When two complete sentences are joined by a comma, and there is no conjunction present, we get a comma splice.

Incorrect: She decided not to contribute to the project anymore, she had done her share of the work.

Correcting the Problem

These are closely related sentences, but each of them completes a thought; therefore, they either need a period, a semicolon, or a comma with a conjunction between them.

Rule to Remember

A comma splice occurs when two complete sentences are joined by a comma, and there is no conjunction present.

Correct: She decided not to contribute to the project anymore. She had done her share of the work.
Correct: She decided not to contribute to the project anymore; she had done her share of the work.

Comma splices can be avoided by using

- a period between two complete sentences

Incorrect: A Minneapolis bridge collapsed last night, several people were reported missing.
Correct: A Minneapolis bridge collapsed last night. Several people were reported missing.

- a semicolon between two complete sentences

Incorrect: I got up late this morning, I missed my interview. I was having a terrible day!
Correct: I got up late this morning; I missed my interview. I was having a terrible day!

- a conjunction (either coordinating or subordinating)
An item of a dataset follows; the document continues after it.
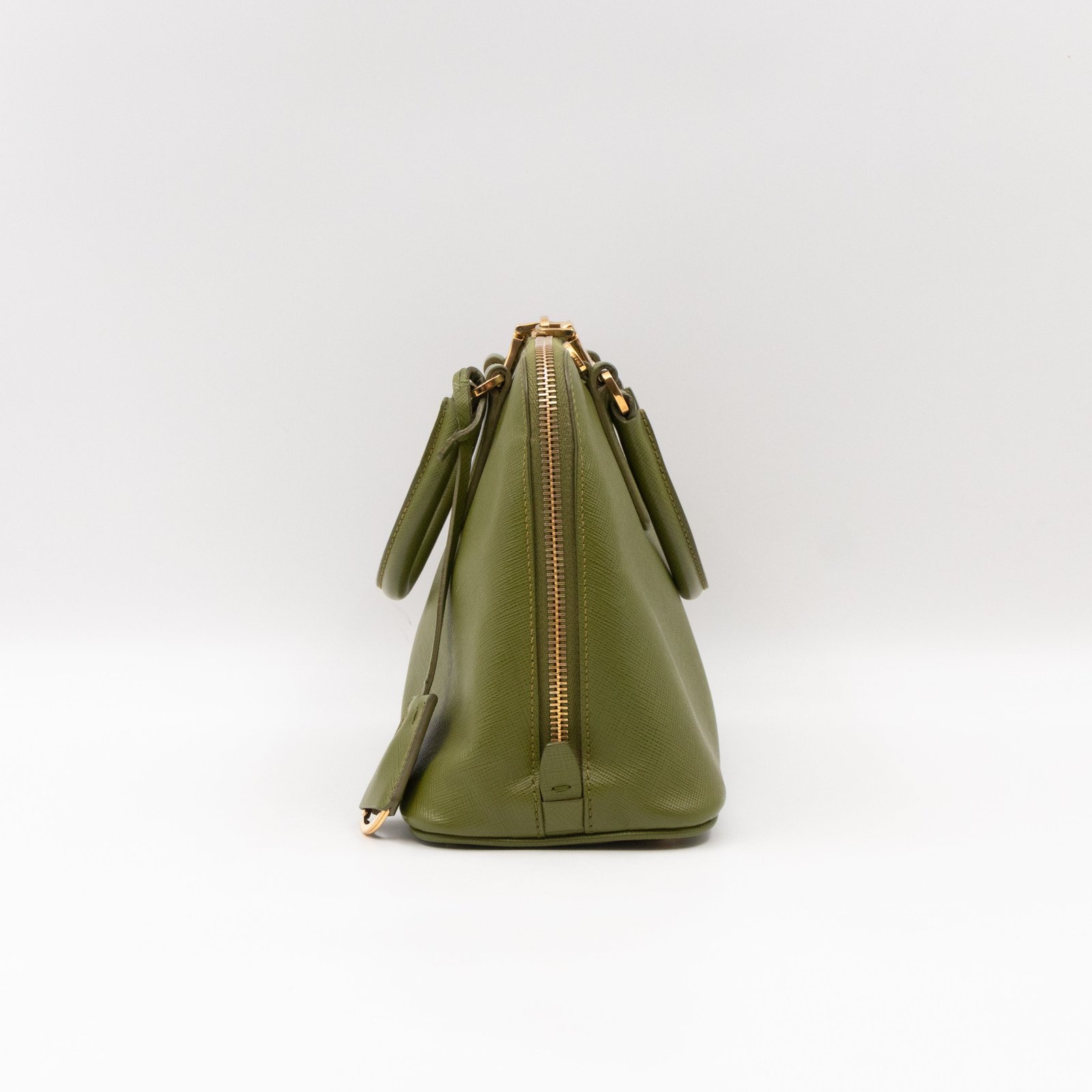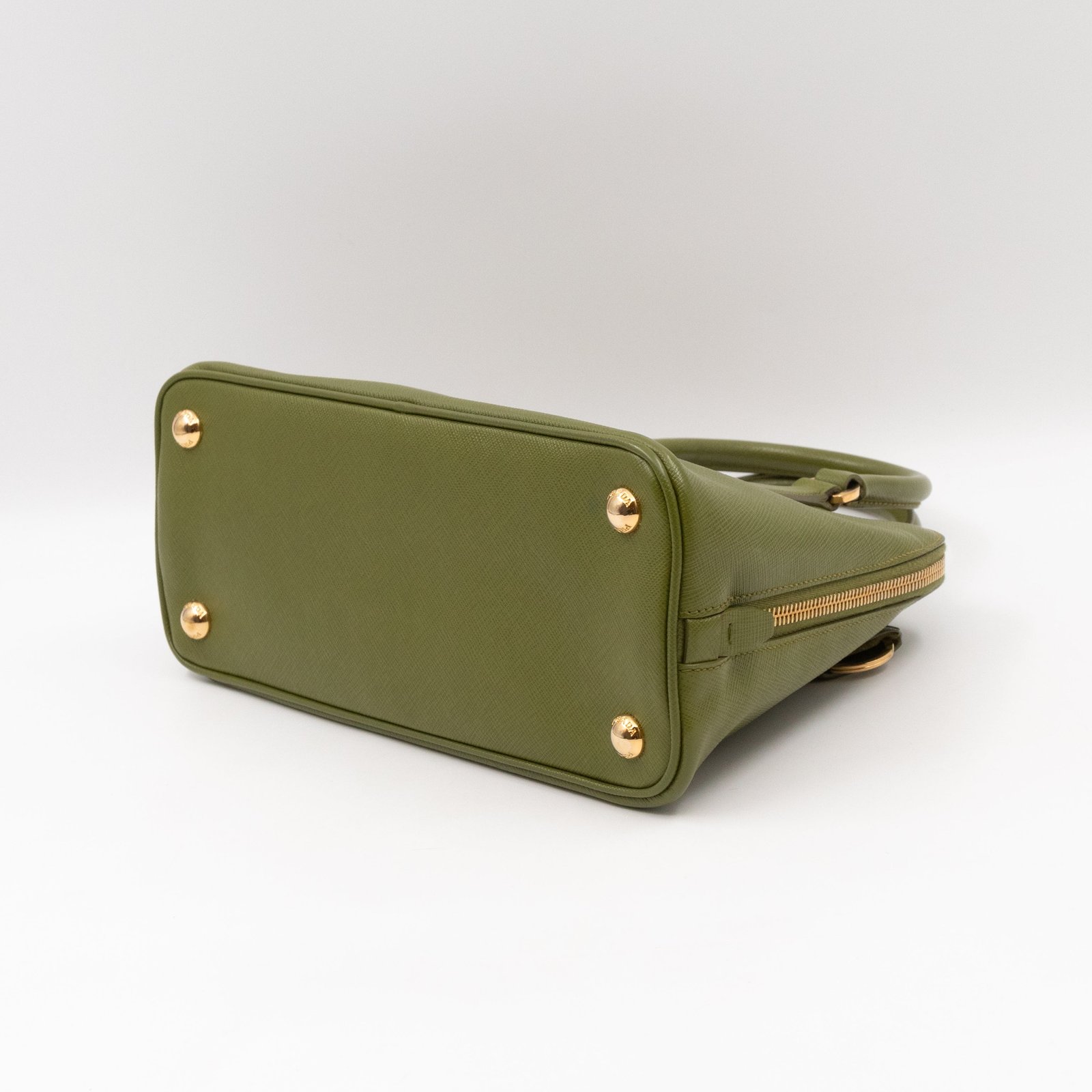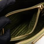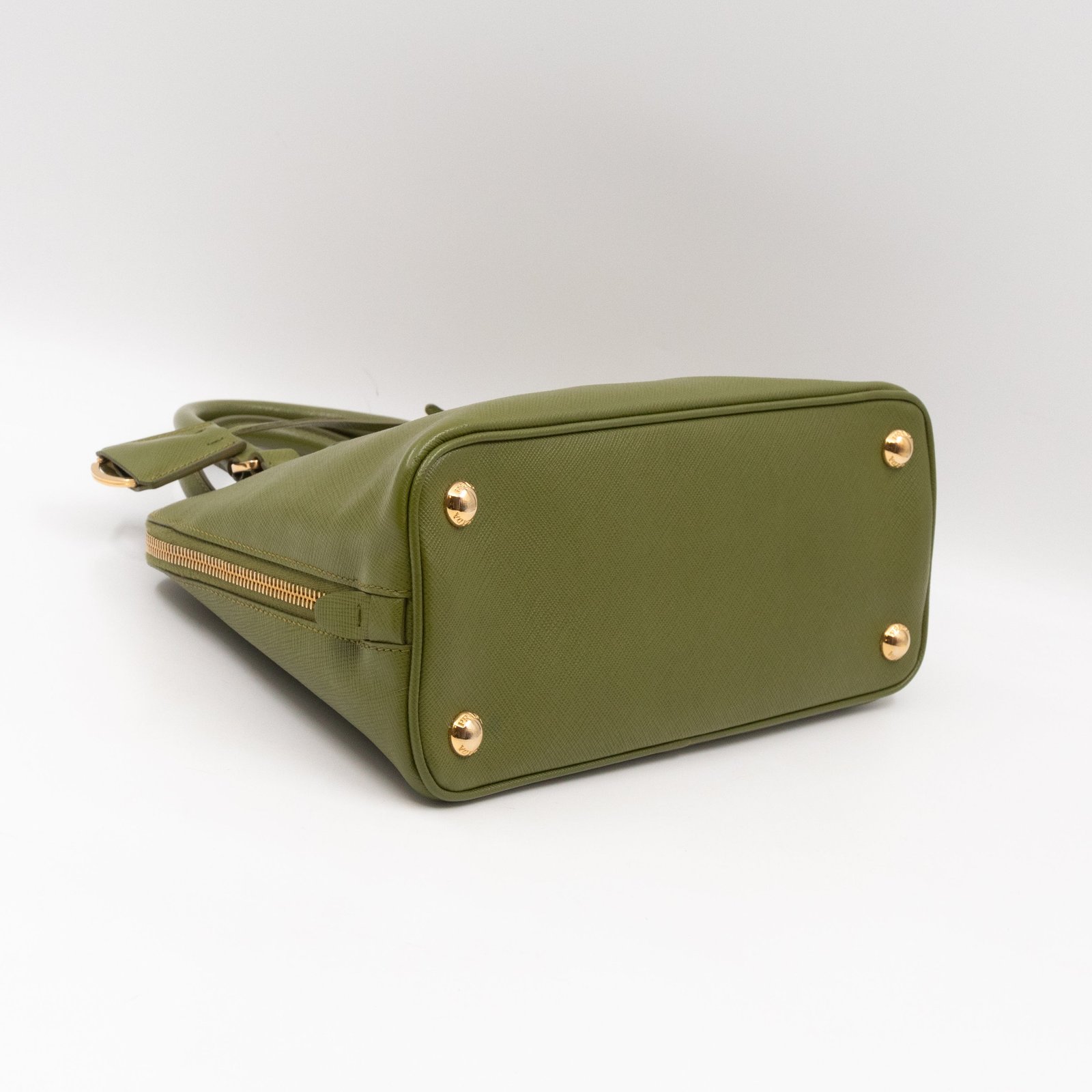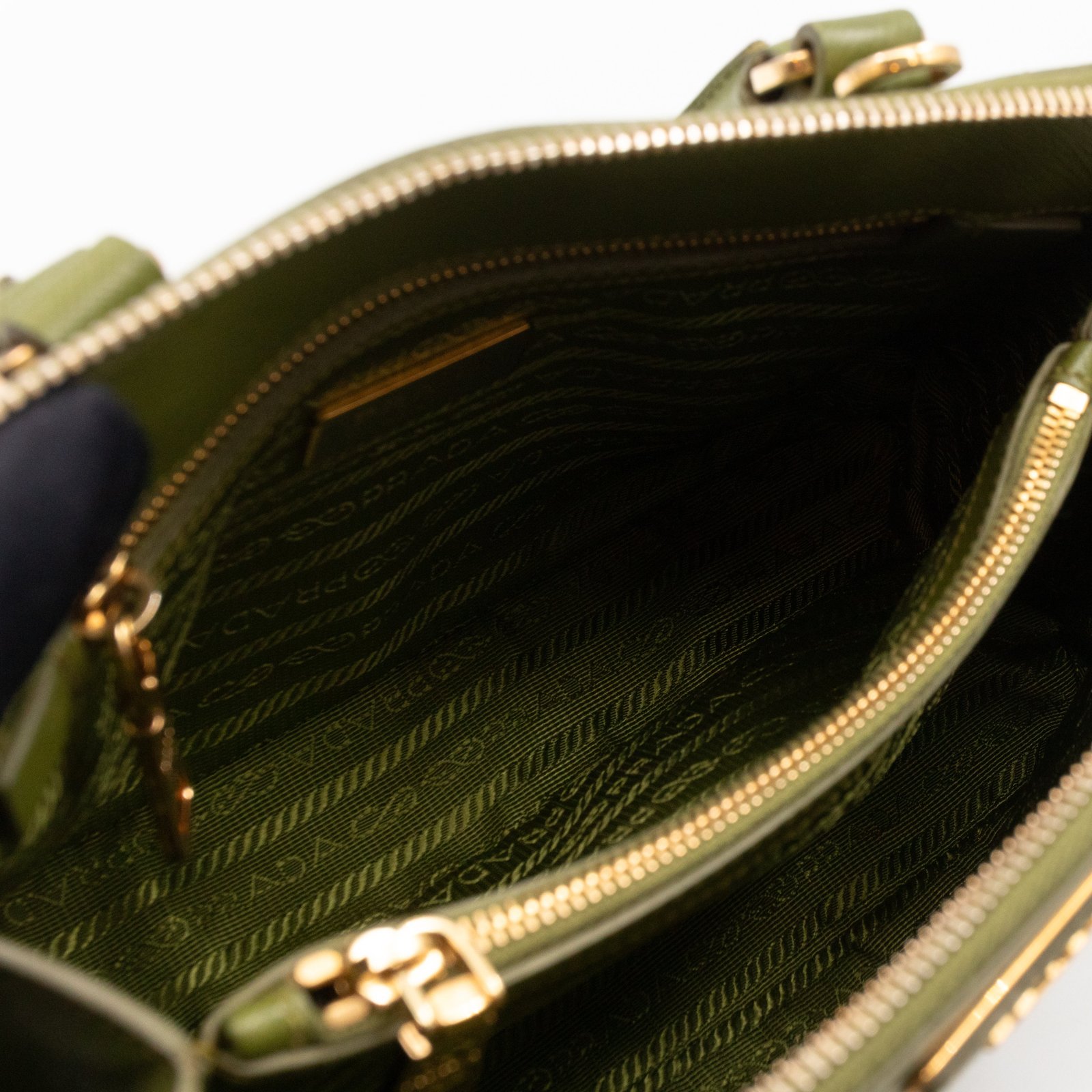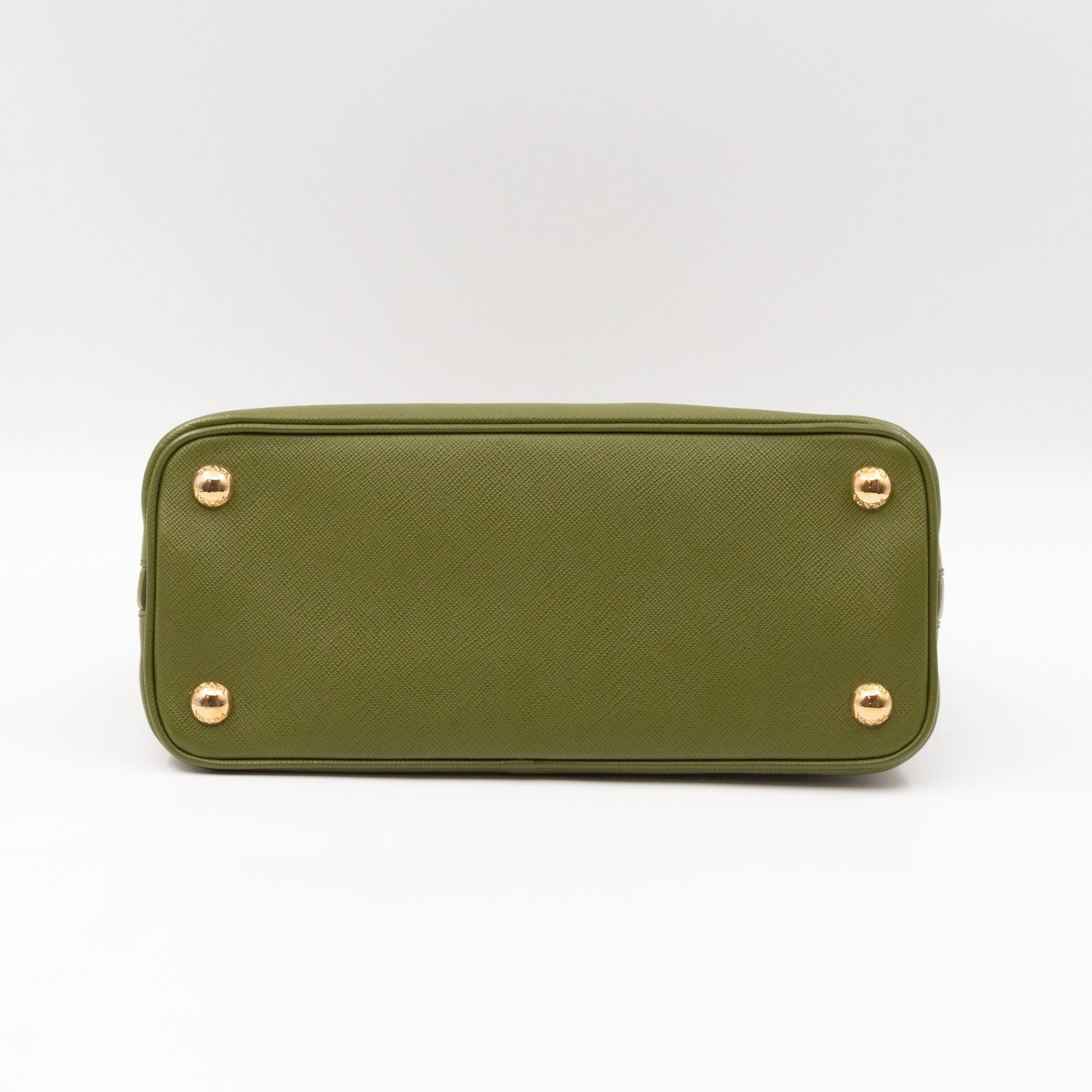 A cute small sized edition Prada Promenade crossbody bag. Made with Saffiano leather in green, combined with gold-tone hardware. This Promenade fits large phone, a card holder, with other small items. Open to two compartments and two slim pocket.

Incorrect: I am going out of town tomorrow, need to visit my grandmother.
Correct: I am going out of town tomorrow because I need to visit my grandmother.

Rule to Remember

A comma splice can be corrected with:
- a period;
- a semicolon;
- a conjunction;
- a semicolon and a transitional word.

- a semicolon and a transitional word followed by a comma

Incorrect: Our team completed the group project, haven't submitted it yet.
Correct: Our team completed the group project; however, we haven't submitted it yet.
Correct: Our team completed the group project. However, we haven't submitted it yet.